_PROMPT_. Skip the pictures, please, and write out exactly the lines from the opening of the data through the line containing "Günün spor manşetlerinde, spor".

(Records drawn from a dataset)
------------

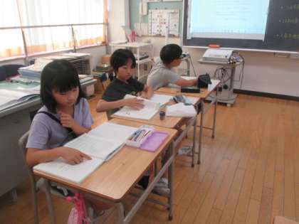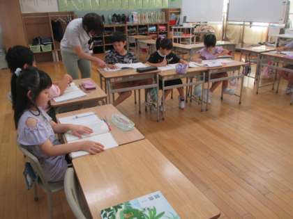 ローマ字の学習をしています。ローマ字表を見て書き表し方のきまりを見つけることができたかな。
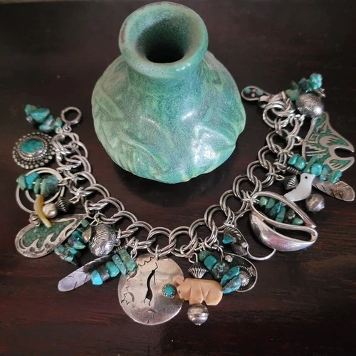 Vintage Native CHARM BRACELET Sterling Silver Charms Turquiose Fetishes Signed
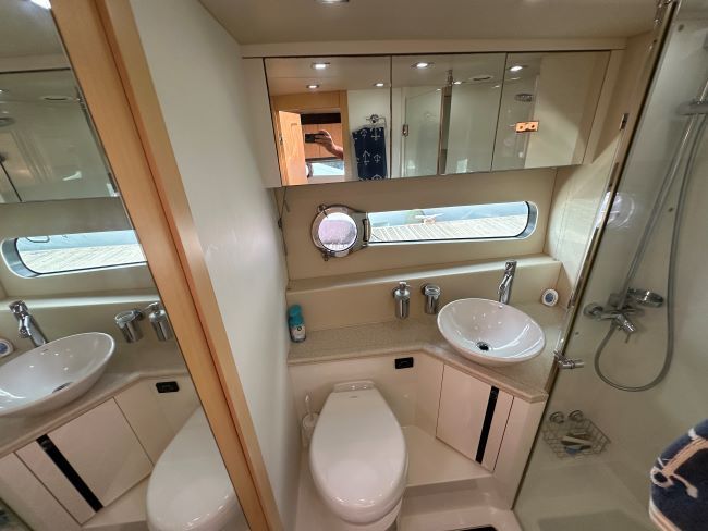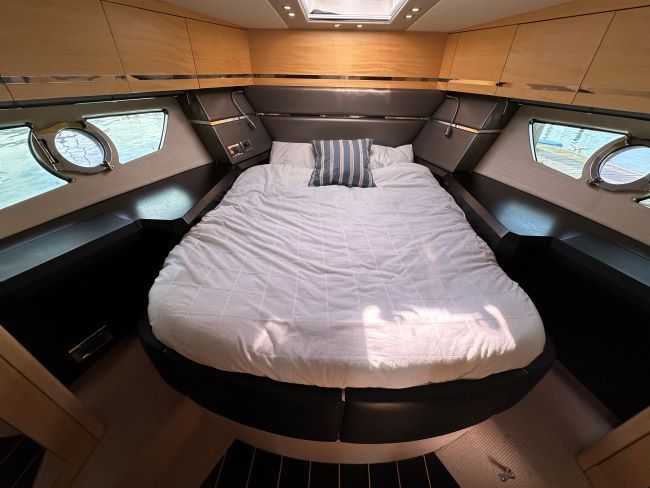 Large forward master cabin with island double with en-suite access to day head, plenty of storage
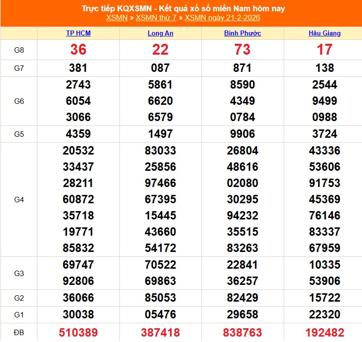 Kết quả xổ số miền Nam ngày 21/2/2026
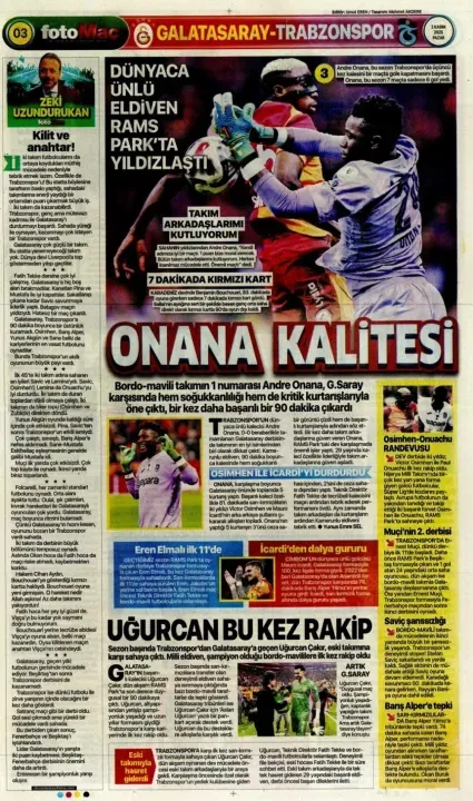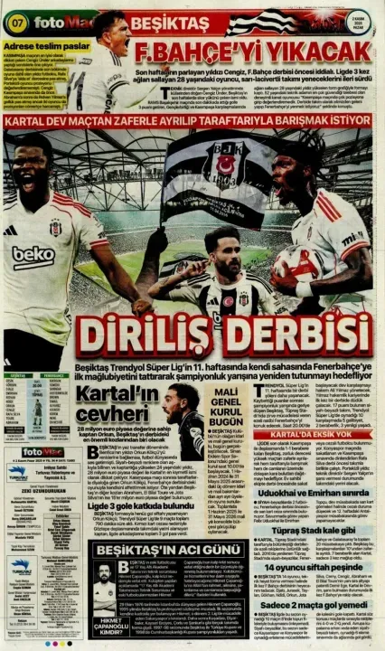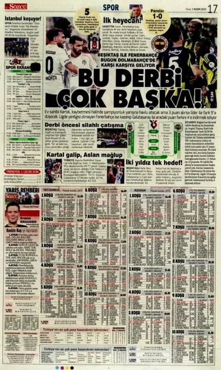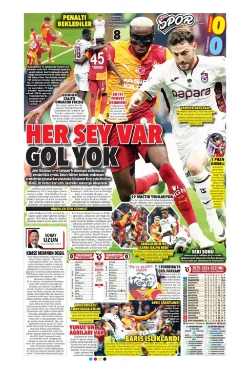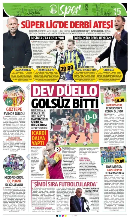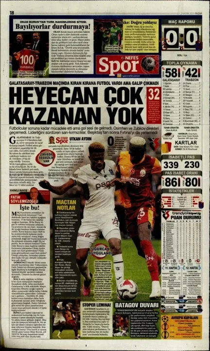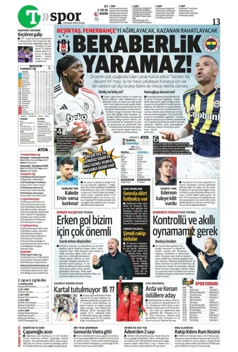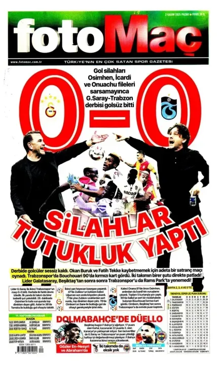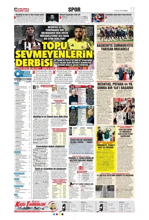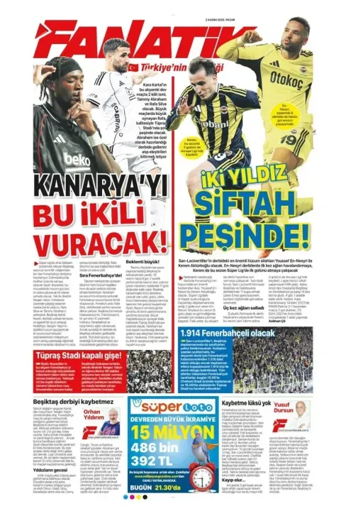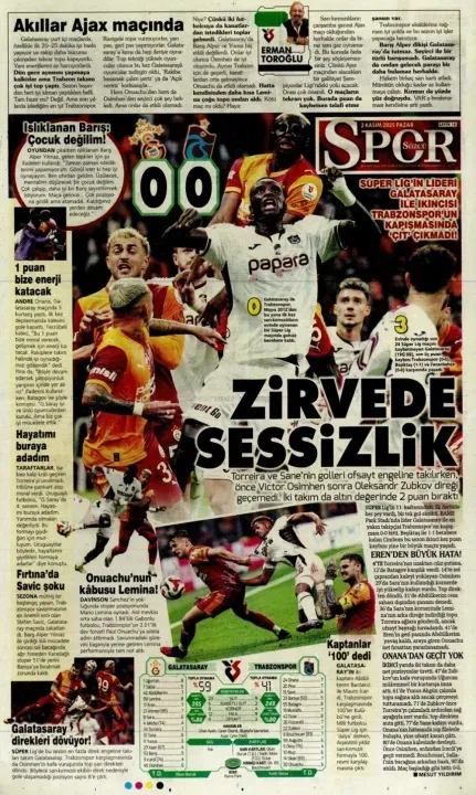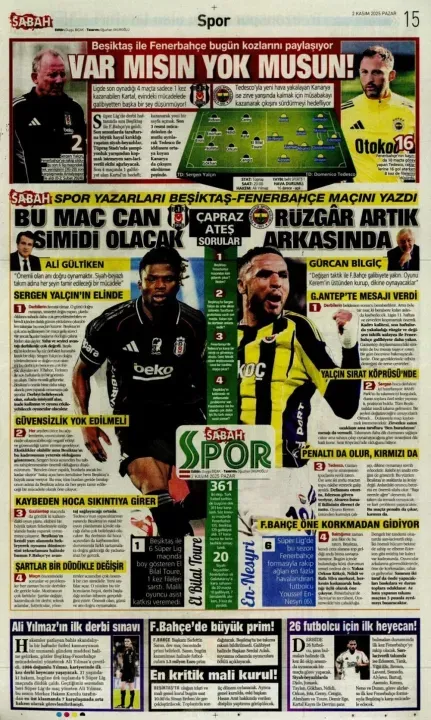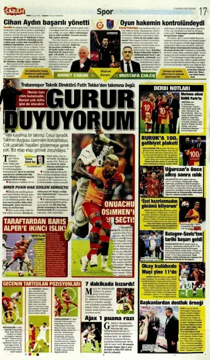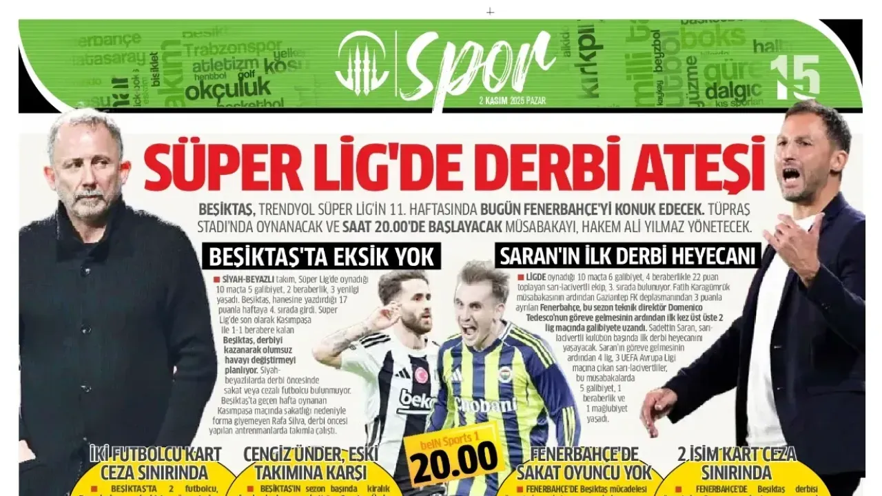 Günün spor manşetlerinde, spor gündemiyle alakalı en yeni gelişmeler yerlerini aldı. 2 Kasım 2025 tarihli gazetelerin spor sayfalarına, Beşiktaş, Fenerbahçe, Galatasaray ve Trabzonspor'a dair haberlere, bir çırpıda göz atın. İşte 2 Kasım 2025 gazete manşetlerinde spor haberleri.
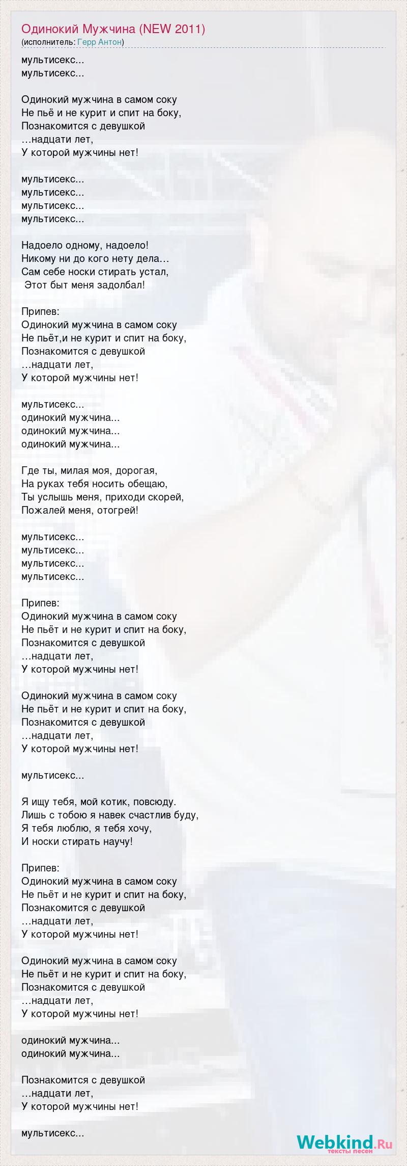 мультисекс... мультисекс... Одинокий мужчина в самом соку Не пьё и не курит и спит на боку, Познакомится с девушкой …надцати лет, У которой мужчины нет! мультисекс... мультисекс... мультисекс... мультисекс... Надоело одному, надоело! Никому ни до кого нету дела… Сам себе носки стирать устал, Этот быт меня задолбал! Припев: Одинокий мужчина в самом соку Не пьёт,и не курит и спит на боку, Познакомится с девушкой …надцати лет, У которой мужчины нет! мультисекс... одинокий мужчина... одинокий мужчина... одинокий мужчина... Где ты, милая моя, дорогая, На руках тебя носить обещаю, Ты услышь меня, приходи скорей, Пожалей меня, отогрей! мультисекс... мультисекс... мультисекс... мультисекс... Припев: Одинокий мужчина в самом соку Не пьёт и не курит и спит на боку, Познакомится с девушкой …надцати лет, У которой мужчины нет! Одинокий мужчина в самом соку Не пьёт и не курит и спит на боку, Познакомится с девушкой …надцати лет, У которой мужчины нет! мультисекс... Я ищу тебя, мой котик, повсюду. Лишь с тобою я навек счастлив буду, Я тебя люблю, я тебя хочу, И носки стирать научу! Припев: Одинокий мужчина в самом соку Не пьёт и не курит и спит на боку, Познакомится с девушкой …надцати лет, У которой мужчины нет! Одинокий мужчина в самом соку Не пьёт и не курит и спит на боку, Познакомится с девушкой …надцати лет, У которой мужчины нет! одинокий мужчина... одинокий мужчина... Познакомится с девушкой …надцати лет, У которой мужчины нет! мультисекс...
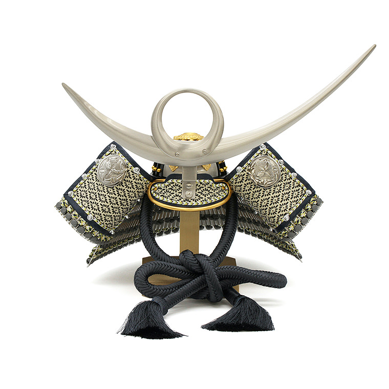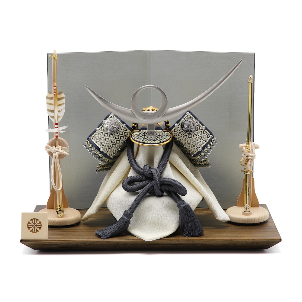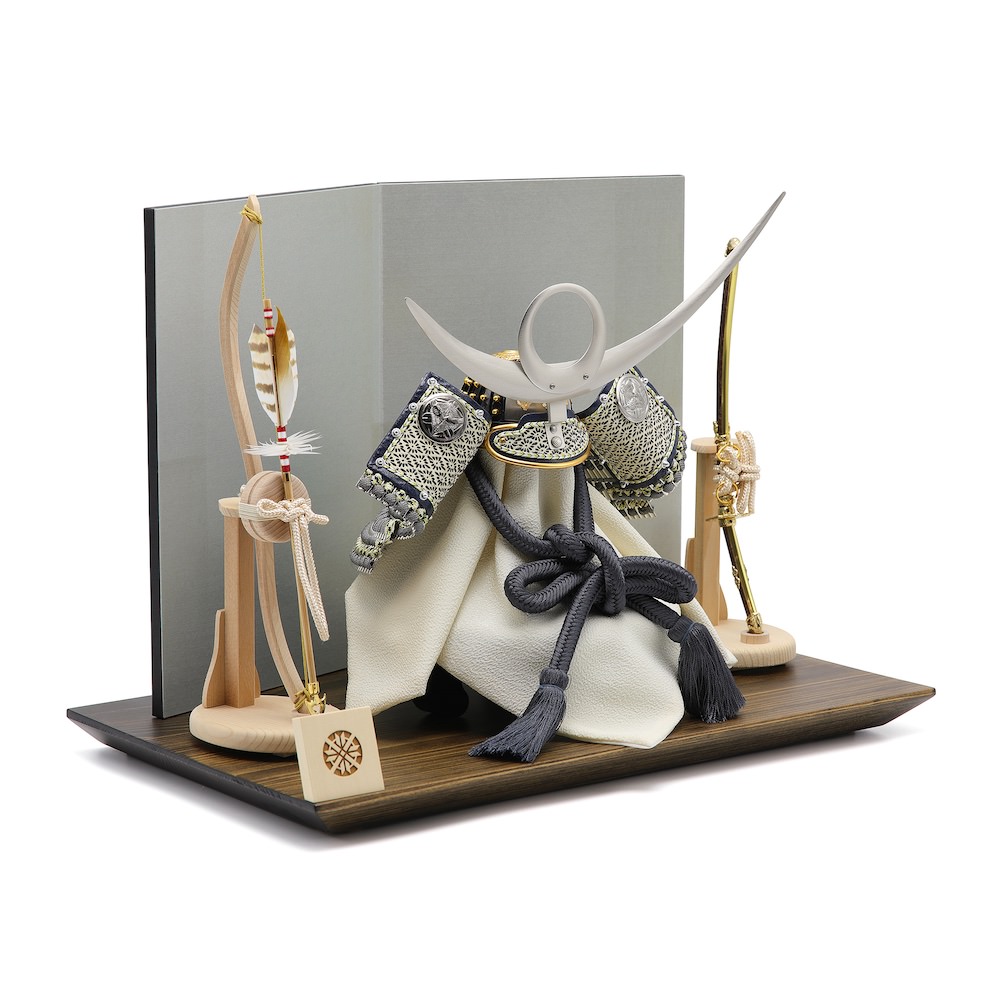 飾り台は、高岡漆器の高岡で製作した木目を活かし、漆を使って拭き漆の技法で仕上げたこだわりの国産飾り台。屏風は、現代的な銀色とごく薄い青の中間色のような光沢ある屏風。静岡県にて製作したこだわりの品です。兜の両隣には端午の節句らしく、男らしい国産の弓太刀を添えています。爽やかでモダンな白木で製作した品です。拭き漆飾り台の厳かな雰囲気と屏風、弓太刀のモダンな雰囲気から上品でありつつも、新しさを感じる飾りに仕上がっています。

------------

_OUTPUT BELOW_.
 ローマ字の学習をしています。ローマ字表を見て書き表し方のきまりを見つけることができたかな。
 Vintage Native CHARM BRACELET Sterling Silver Charms Turquiose Fetishes Signed
 Large forward master cabin with island double with en-suite access to day head, plenty of storage
 Kết quả xổ số miền Nam ngày 21/2/2026
 Günün spor manşetlerinde, spor gündemiyle alakalı en yeni gelişmeler yerlerini aldı. 2 Kasım 2025 tarihli gazetelerin spor sayfalarına, Beşiktaş, Fenerbahçe, Galatasaray ve Trabzonspor'a dair haberlere, bir çırpıda göz atın. İşte 2 Kasım 2025 gazete manşetlerinde spor haberleri.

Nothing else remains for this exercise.